(EXTRACTED INFORMATION begins)

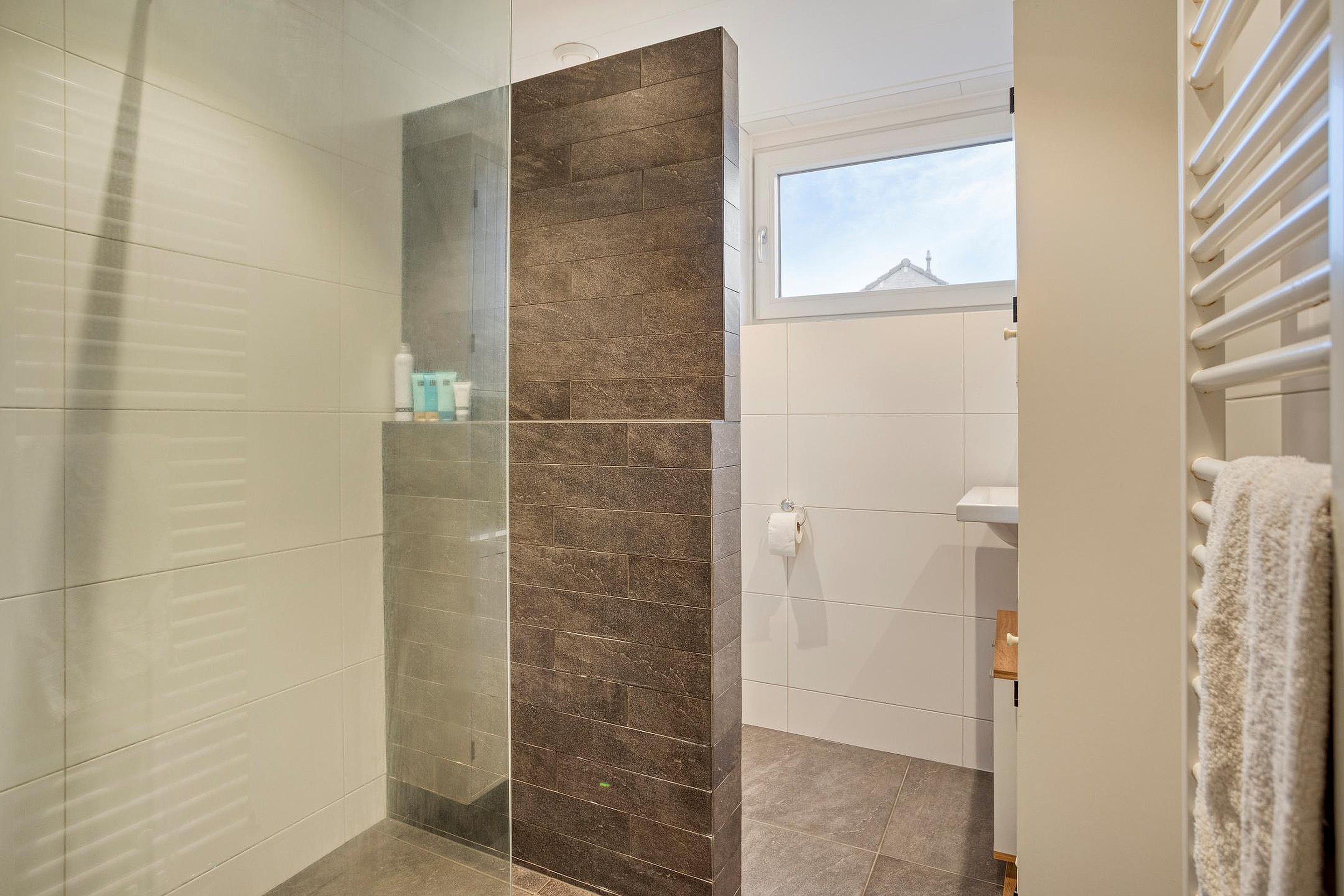 De stijlvolle badkamer is uitgerust met een inloopdouche, toilet en vaste wastafel.
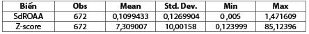 Trong giai đoạn 2013 - 2019, về chỉ số Z-score, chỉ số này có sự phân hóa cao với mức chênh lệch đáng kể giữa giá trị nhỏ nhất và giá trị lớn nhất. Theo tổng hợp và tính toán của nhóm tác giả, một ngân hàng có ghi nhận giá trị Z-score nhỏ nhất vào quý IV/2017 là 0,123 và có một ngân hàng ghi nhận giá trị Z-score lớn nhất vào quý I/2018 là 85,123. Bên cạnh đó, theo tính toán của nhóm tác giả, điểm Z-score của nhiều ngân hàng cũng tăng đáng kể trong năm 2018. Trung bình Z-score cho 24 NHTM tại Việt Nam là 7,309. Chen và cộng sự (2017) đã tiến hành tính toán giá trị Z-score với nền kinh tế của Trung - Đông Âu, Mỹ Latinh và châu Á, từ đó, cho ra giá trị bình quân của các mẫu nghiên cứu là 24,61 - một con số rất lớn so với Việt Nam. Theo Brana và cộng sự (2019), chỉ số Z-score trung bình cho 20 quốc gia hàng đầu châu Âu là 28,22 trong giai đoạn 2000 - 2015. Như vậy, các nước phát triển với hệ thống ngân hàng lâu đời có mức độ ổn định tài chính cao hơn so với các nước đang phát triển.
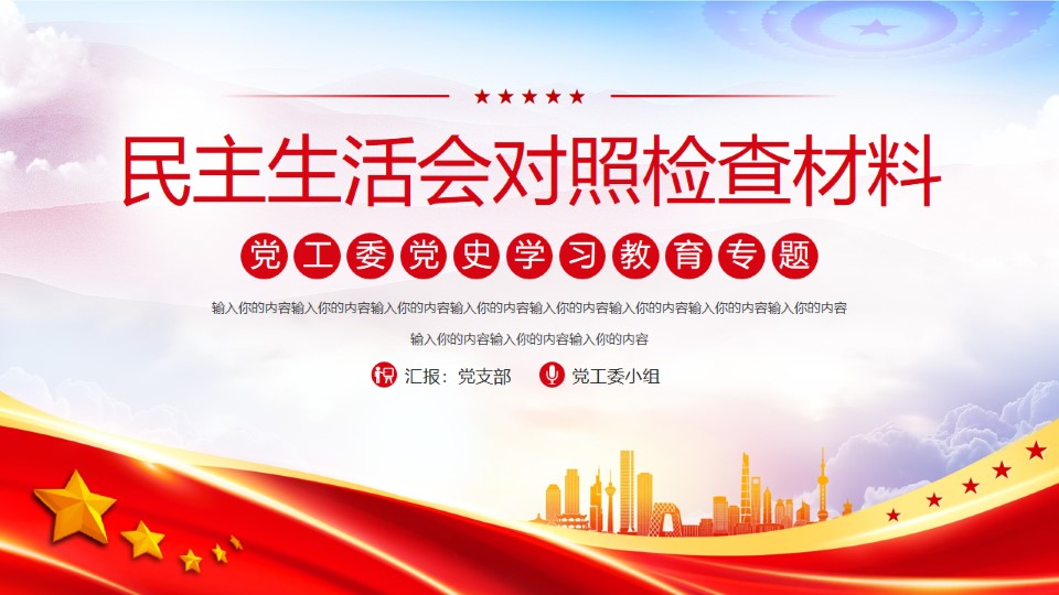 2024微党课2023主题党课ppt民主生活会对照检查材料ppt模板带内容党工委
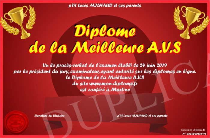 Envoyez par email votre Diplôme de la Meilleure A.V.S personalisé
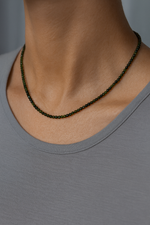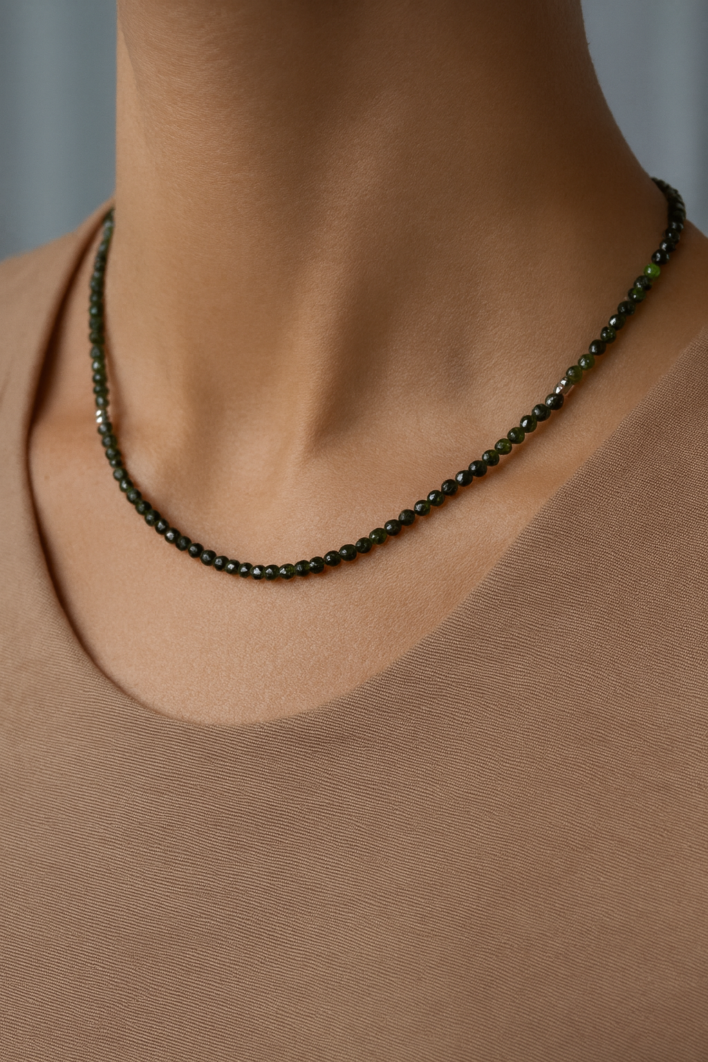 Doğal yeşil tonlarıyla öne çıkan %100 doğal yeşim taşı, zarif bir kolye tasarımında hayat buluyor.
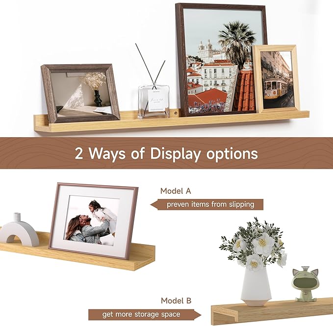 • MEMORIES SHOWCASE SHELF: Do you have a lot of memorable photos, but don't know how to display them, Fun Memories picture ledge shelves (especially in large sizes) are perfect for you to display them! With our hanging racks, you can store and display different types and sizes of photo frames in one place without worrying about
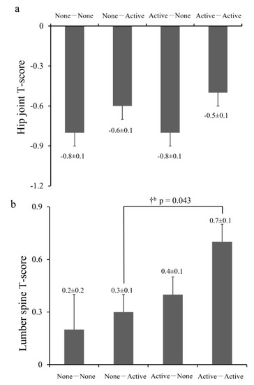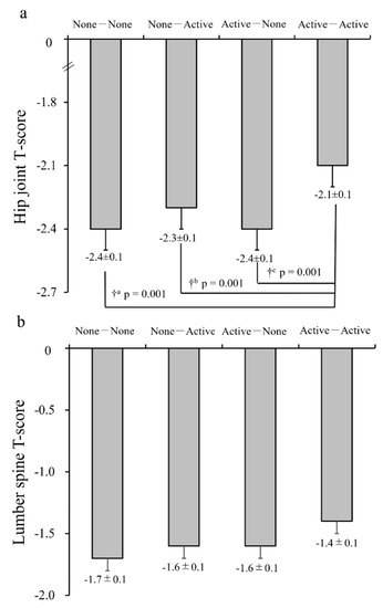 Comparison of the bone mineral density (T-score) between the four exercise groups in women. (a) Hip joint T-score; (b) lumbar spine T-score. Values are the means ± SE. † p < 0.05 for significant difference between groups; a: compared to the None-None group, b: compared to the None-Active group, c: compared to the Active-None group. Adjusted variables: Age, BMI, smoking history (current and past), alcohol intake, calcium intake, 25(OH)D, presence of diabetes, and taking osteoporosis drugs or estrogens.

(EXTRACTED INFORMATION ends)

* **YOUR TASK**
The images in the entries above should be left out; please reproduce exactly the lines from the first through the one containing "Doğal yeşil tonlarıyla".

* **RESULT OF THE EXERCISE**
 De stijlvolle badkamer is uitgerust met een inloopdouche, toilet en vaste wastafel.
 Trong giai đoạn 2013 - 2019, về chỉ số Z-score, chỉ số này có sự phân hóa cao với mức chênh lệch đáng kể giữa giá trị nhỏ nhất và giá trị lớn nhất. Theo tổng hợp và tính toán của nhóm tác giả, một ngân hàng có ghi nhận giá trị Z-score nhỏ nhất vào quý IV/2017 là 0,123 và có một ngân hàng ghi nhận giá trị Z-score lớn nhất vào quý I/2018 là 85,123. Bên cạnh đó, theo tính toán của nhóm tác giả, điểm Z-score của nhiều ngân hàng cũng tăng đáng kể trong năm 2018. Trung bình Z-score cho 24 NHTM tại Việt Nam là 7,309. Chen và cộng sự (2017) đã tiến hành tính toán giá trị Z-score với nền kinh tế của Trung - Đông Âu, Mỹ Latinh và châu Á, từ đó, cho ra giá trị bình quân của các mẫu nghiên cứu là 24,61 - một con số rất lớn so với Việt Nam. Theo Brana và cộng sự (2019), chỉ số Z-score trung bình cho 20 quốc gia hàng đầu châu Âu là 28,22 trong giai đoạn 2000 - 2015. Như vậy, các nước phát triển với hệ thống ngân hàng lâu đời có mức độ ổn định tài chính cao hơn so với các nước đang phát triển.
 2024微党课2023主题党课ppt民主生活会对照检查材料ppt模板带内容党工委
 Envoyez par email votre Diplôme de la Meilleure A.V.S personalisé
 Doğal yeşil tonlarıyla öne çıkan %100 doğal yeşim taşı, zarif bir kolye tasarımında hayat buluyor.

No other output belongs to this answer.